Haben sich die Finanznöte bei vorhergehenden Rennen angedeutet?
Bradl: Nein. Es ist sehr plötzlich passiert, dass gleich nach dem Sachsenring-Rennen am 12. Juli der Teamchef Giovanni Cuzari verhaftet wurde. Dann hat die ganze Sache ihren Lauf genommen. Ich bin auch nur mit wenigen Informationen versorgt worden. Ich habe abgewartet. Man hat alles versucht, das Team weiterzuführen. Aber es war niemand da, der die Vollmachten hatte. Der entscheidende Mann sitzt in Haft und darf nichts sagen.

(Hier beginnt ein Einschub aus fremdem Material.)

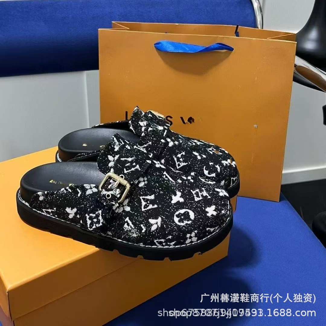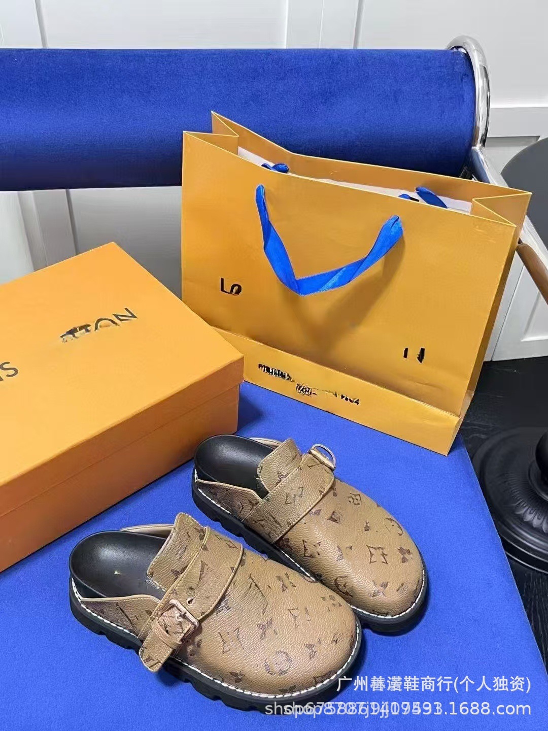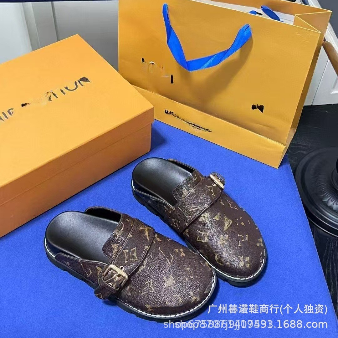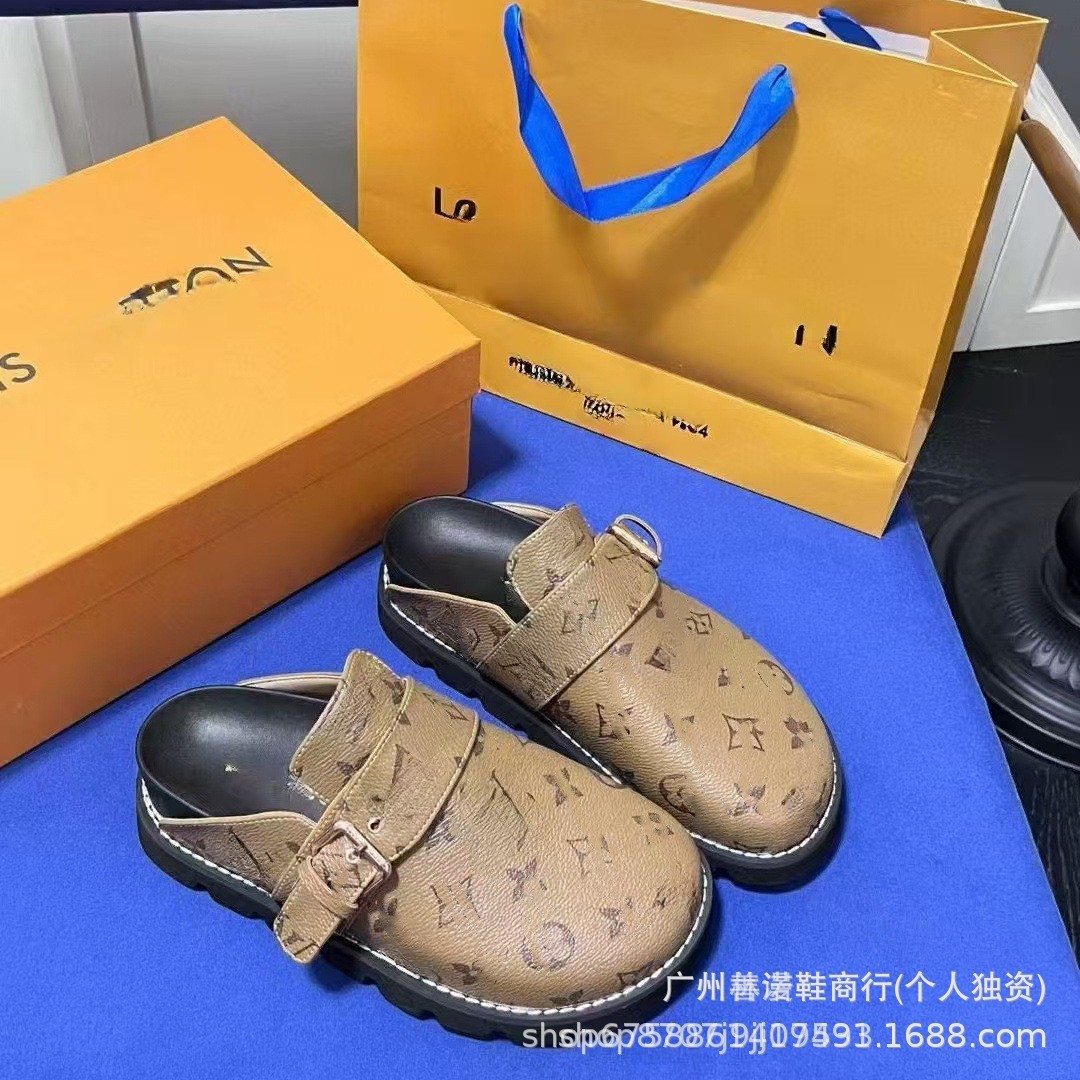 유럽과 미국의 대외 무역 바오터우 두꺼운 밑창 슬리퍼 L의 새로운 복고풍 겉옷 벨트 버클 남성과 여성을위한 같은 스타일 슬리퍼 공장 직접 판매스토어 가기

Wo ist Forward Yamaha beheimatet?
Bradl: Das Teambüro ist in Lugano in der Schweiz. Die Werkstatt ist in der Nähe von Mailand.
Wie oft geht ein Team in der MotoGP pleite?
Bradl: Das hat es schon immer wieder Mal gegeben. Aber so ein Fall, dass es während der Rennsaison passiert, mit Verhaftung und dem vollen Programm – das ist eher selten. Das Team ist jetzt mehr als fünf Jahre in der MotoGP und es gab nie die Befürchtung, dass etwas schiefläuft. Dass es jetzt ausgerechnet in diesem Jahr passiert, wo es für mich eh nicht so glücklich verläuft – schwierig.
Gibt es einen freien Platz in einem anderen MotoGP-Team?
Bradl: Ich bin drauf und dran, Kontakte herzustellen, und arbeite intensiv daran. Aber auf die Schnelle ist es schwierig. Jeder Tag zählt jetzt für mich.
Im Werksteam von Aprilia ist nach dem Ausscheiden von Marco Melandri ein Platz frei geworden, den am Sachsensring ein Testfahrer eingenommen hat. Ist das eine Option?
Bradl: Dazu kann ich nichts sagen.
Auch mit Pramac werden Sie in Verbindung gebracht…
Bradl: …auch dazu kann ich nichts sagen.
Schauen Sie sich auch in der Klasse tiefer, in der Moto2, um?
Bradl: Ich muss jetzt sehen, welche Möglichkeiten es für mich in der MotoGP gibt. Während der Saison sind das naturgemäß nicht viele, aber ich versuche alles. Das nächste Jahr ist jetzt für mich weiter weggerückt. Ich muss sehen, dass ich in der Saison 2015 noch zum Fahren komme. In so einer Situation war ich noch nie, und muss schauen, dass ich mit der besten Lösung herauskomme.
Wer führt die Verhandlungen?
Bradl: Zu neunzig Prozent mache ich das, deshalb bin ich zeitlich am Anschlag.
Wie verläuft der Heilungsprozess des Kahnbeinbruchs am rechten Handgelenk, den Sie sich beim WM-Lauf Ende Juni in Assen zugezogen haben?
Bradl: Der Kahnbeinbruch ist jetzt gut vier Wochen her. Ich bin mit der Entwicklung zufrieden. Am Montag war ich beim Medizincheck, die Röntgenaufnahme sah okay aus. Sollte ich am 9. August in Indianapolis fahren, dann tun mir die paar freien Tage bis dahin gut. Mit der Hand sehe ich das geringste Problem, viel schwieriger ist die Lage mit meinem alten Team und die Suche nach einem Startplatz. Ich bin einsatzbereit.
Unter dem Strich erleben sie ein Seuchenjahr…
Bradl: …viel schlimmer kann es nicht mehr werden. Zuerst die Verletzung, jetzt bin ich arbeitslos. Ich hoffe, jetzt wendet sich alles zum Guten.